### AIM OF THE EXERCISE
Reproduce, exactly and only, the lines of the data that follows from the one containing "The charts below" down to the one containing "8月28日,国家地震紧急救援训练基地教官何红卫和记者介绍搜救犬的英雄事迹。中国网记者 董宁 摄影", without pictures.

### SOURCE MATERIAL
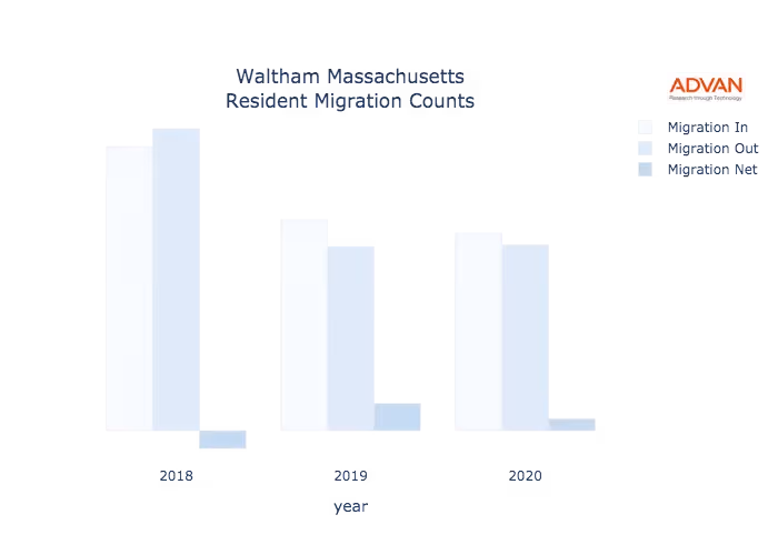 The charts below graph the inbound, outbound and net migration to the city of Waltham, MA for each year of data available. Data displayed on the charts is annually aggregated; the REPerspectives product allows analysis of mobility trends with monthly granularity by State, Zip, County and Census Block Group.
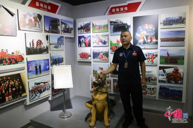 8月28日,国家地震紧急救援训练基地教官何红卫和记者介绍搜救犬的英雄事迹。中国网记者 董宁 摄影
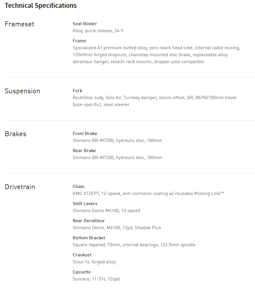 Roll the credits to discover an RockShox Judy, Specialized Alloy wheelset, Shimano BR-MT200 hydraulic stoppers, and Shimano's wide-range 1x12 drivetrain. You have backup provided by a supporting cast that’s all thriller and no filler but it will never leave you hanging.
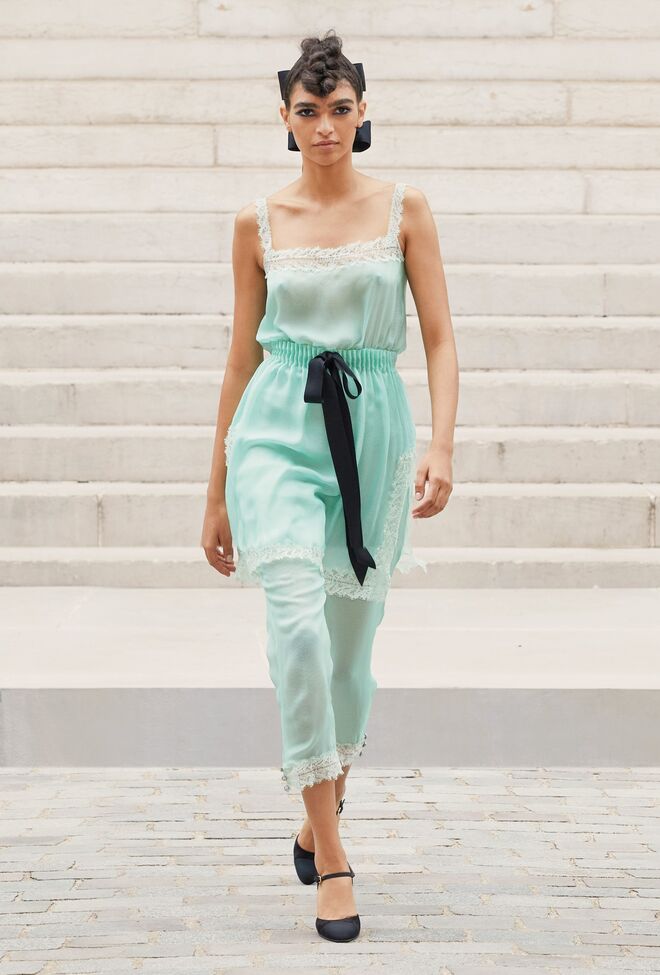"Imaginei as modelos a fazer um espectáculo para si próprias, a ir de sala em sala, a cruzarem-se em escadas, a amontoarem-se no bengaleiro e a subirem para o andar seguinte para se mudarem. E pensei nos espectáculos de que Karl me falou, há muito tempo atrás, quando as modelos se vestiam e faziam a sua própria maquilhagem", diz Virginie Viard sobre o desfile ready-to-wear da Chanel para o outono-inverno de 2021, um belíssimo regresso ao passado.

* * *

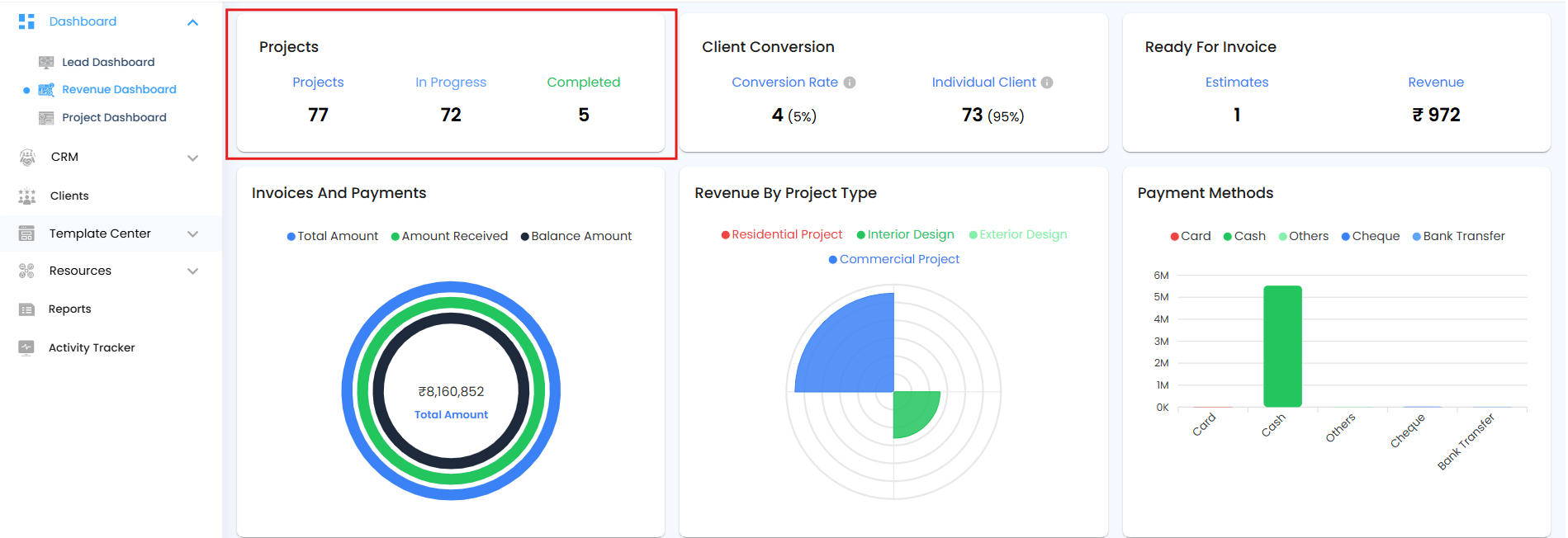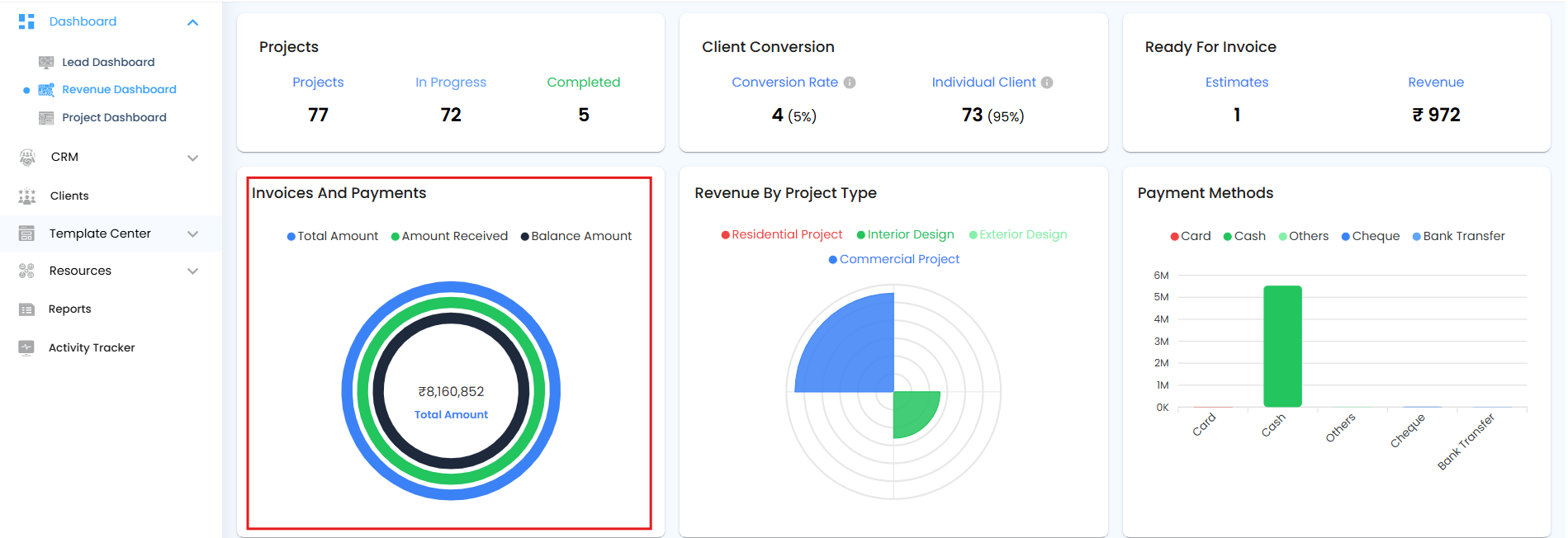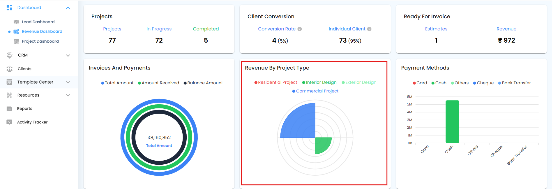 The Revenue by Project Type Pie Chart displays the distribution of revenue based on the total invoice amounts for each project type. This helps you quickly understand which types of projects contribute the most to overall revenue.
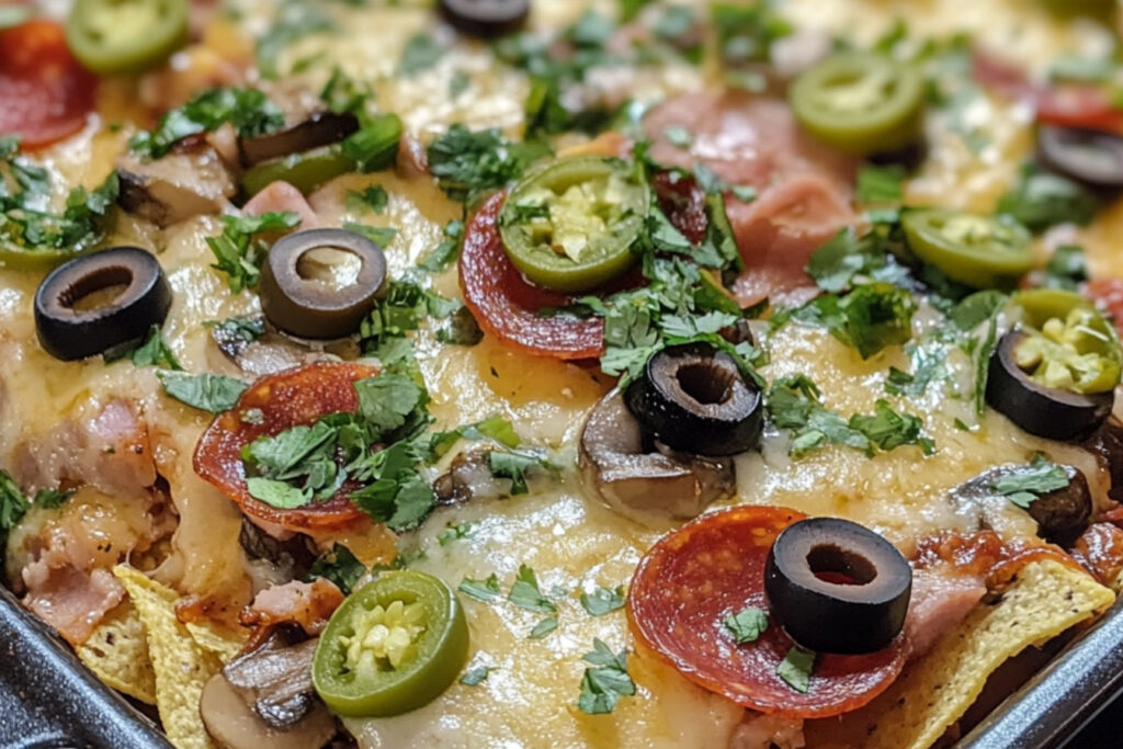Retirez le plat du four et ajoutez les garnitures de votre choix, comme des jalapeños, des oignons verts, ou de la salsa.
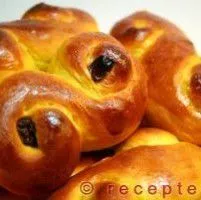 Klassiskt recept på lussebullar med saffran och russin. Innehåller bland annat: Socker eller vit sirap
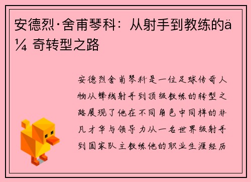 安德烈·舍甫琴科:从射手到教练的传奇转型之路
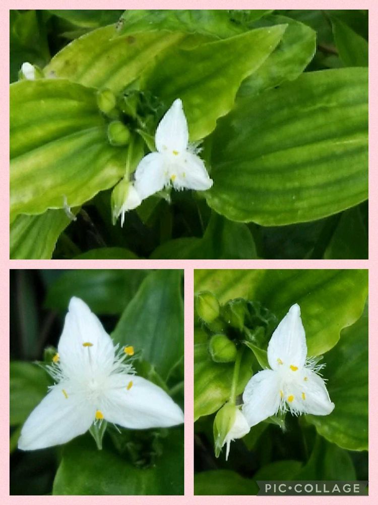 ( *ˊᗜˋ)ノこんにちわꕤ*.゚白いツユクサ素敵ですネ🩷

---

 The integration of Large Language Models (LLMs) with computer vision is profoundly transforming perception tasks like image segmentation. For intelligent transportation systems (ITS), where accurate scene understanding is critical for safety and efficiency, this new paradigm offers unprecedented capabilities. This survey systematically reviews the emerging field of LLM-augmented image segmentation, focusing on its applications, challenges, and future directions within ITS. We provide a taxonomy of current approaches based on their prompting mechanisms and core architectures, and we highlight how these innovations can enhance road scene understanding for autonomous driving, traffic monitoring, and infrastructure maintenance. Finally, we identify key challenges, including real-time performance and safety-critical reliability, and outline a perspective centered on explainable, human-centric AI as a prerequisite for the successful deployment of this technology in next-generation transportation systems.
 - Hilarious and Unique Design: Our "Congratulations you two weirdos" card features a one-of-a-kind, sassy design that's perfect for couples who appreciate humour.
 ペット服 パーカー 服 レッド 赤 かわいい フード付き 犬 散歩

### RESPONSE
 The charts below graph the inbound, outbound and net migration to the city of Waltham, MA for each year of data available. Data displayed on the charts is annually aggregated; the REPerspectives product allows analysis of mobility trends with monthly granularity by State, Zip, County and Census Block Group.
 8月28日,国家地震紧急救援训练基地教官何红卫和记者介绍搜救犬的英雄事迹。中国网记者 董宁 摄影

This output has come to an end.